Review Instrumentation Like Production Code

Instrumentation changes the debugging contract of the system. Review it with the same seriousness as API or database changes.

Use this checklist:

Does the root span name describe a stable operation, not a raw URL?
Do child spans cover the important dependency boundaries?
Does context survive HTTP, queue, worker, and callback boundaries?
Are attributes stable, safe, and low-cardinality?
Are service name, version, and environment explicit?
Are errors recorded on spans with enough detail to triage?
Do metrics show whether a trace represents a broader pattern?
Do logs include trace and span identifiers where useful?
Is sampling understood by the team?
Can an engineer debug one real production path faster than before?

The last question is the real acceptance test.

If a rollout creates beautiful dashboards but does not shorten an actual investigation, keep the rollout narrow and improve the evidence path.

Common OpenTelemetry Mistakes

Instrumenting internals before boundaries

Function-level spans are rarely the first thing a backend team needs. Start with request, dependency, database, queue, and worker boundaries.

Using high-cardinality attributes casually

Raw user input, request IDs, emails, and unique payload values can make telemetry expensive and hard to query. Put them in logs only when safe and necessary.

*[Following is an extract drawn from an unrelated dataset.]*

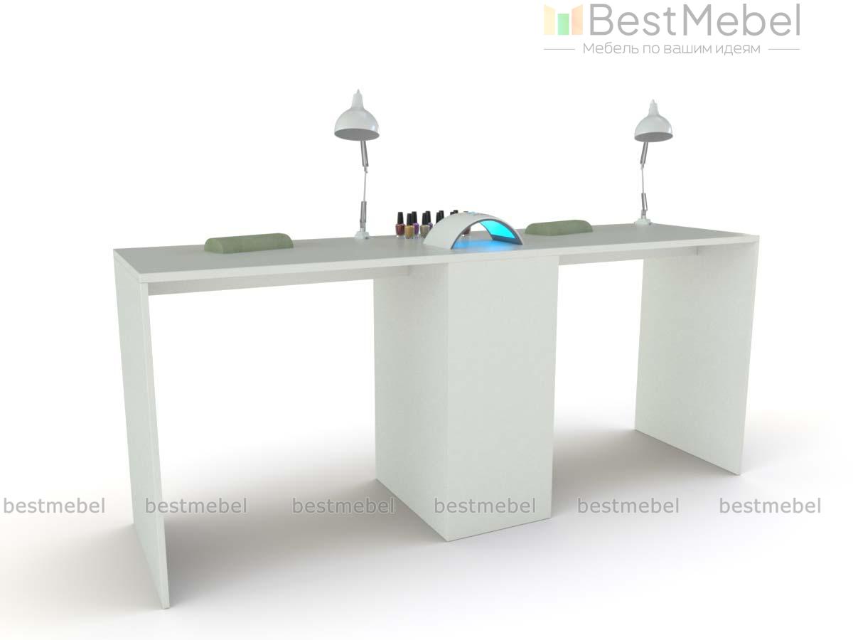 Двойной маникюрный стол Лилит BMS предназначен для одновременной работы двух мастеров и обеспечивает значительную экономию пространства. Модель оборудована разделительной тумбой с четырьмя выдвижными ящиками и индивидуальными ящиками для хранения под рукой необходимых материалов и инструментов. Просторная составная столешница прямоугольной формы опирается на широкие устойчивые боковины. Купить двойной маникюрный стол Лилит BMS для меблировки современного салона вы сможете в нашем интернет-магазине.

Letting async work start a new unrelated trace

If queue workers, outbox relays, and scheduled callbacks lose context, traces will miss the hardest part of many incidents.

Treating traces as metrics

Sampled traces are not automatically reliable for rates. Use metrics for counts, saturation, and trends.

Forgetting that telemetry has failure modes

Exporters can block, collectors can fall behind, backend quotas can throttle ingestion, and verbose instrumentation can add overhead. The telemetry path needs its own operational thinking.

Production Rollout Plan

A reasonable first rollout looks like this:

Pick one production path with real debugging pain.
Define the questions telemetry must answer.
Enable auto-instrumentation for inbound HTTP, outbound HTTP, database clients, and supported messaging clients.
Add manual spans around the business operation.
Set resource attributes: service, version, environment.
Standardize the first attribute vocabulary.
Propagate context across the first async boundary.
Add a small metric set for latency, failures, retries, and queue lag.
Correlate logs with trace and span IDs.
Use the telemetry during a real incident, bug investigation, or load test.
Fix the evidence path before expanding to the next workflow.

This keeps OpenTelemetry tied to production understanding instead of tool adoption.

Final Takeaway

OpenTelemetry is most valuable when it changes backend debugging from reconstruction to navigation.

A good rollout does not ask, "Do we have traces?" It asks whether a slow request, failed job, retry storm, or cross-service incident is easier to follow than it was before.

That requires more than installing the SDK. It requires stable operation names, useful attributes, context propagation across async boundaries, metrics that explain scale, logs that correlate with spans, a collector/export path the team can operate, and sampling decisions that preserve the failures engineers actually need to inspect.

When those pieces are in place, OpenTelemetry becomes less like an observability checkbox and more like a practical map of how backend work moves through the system.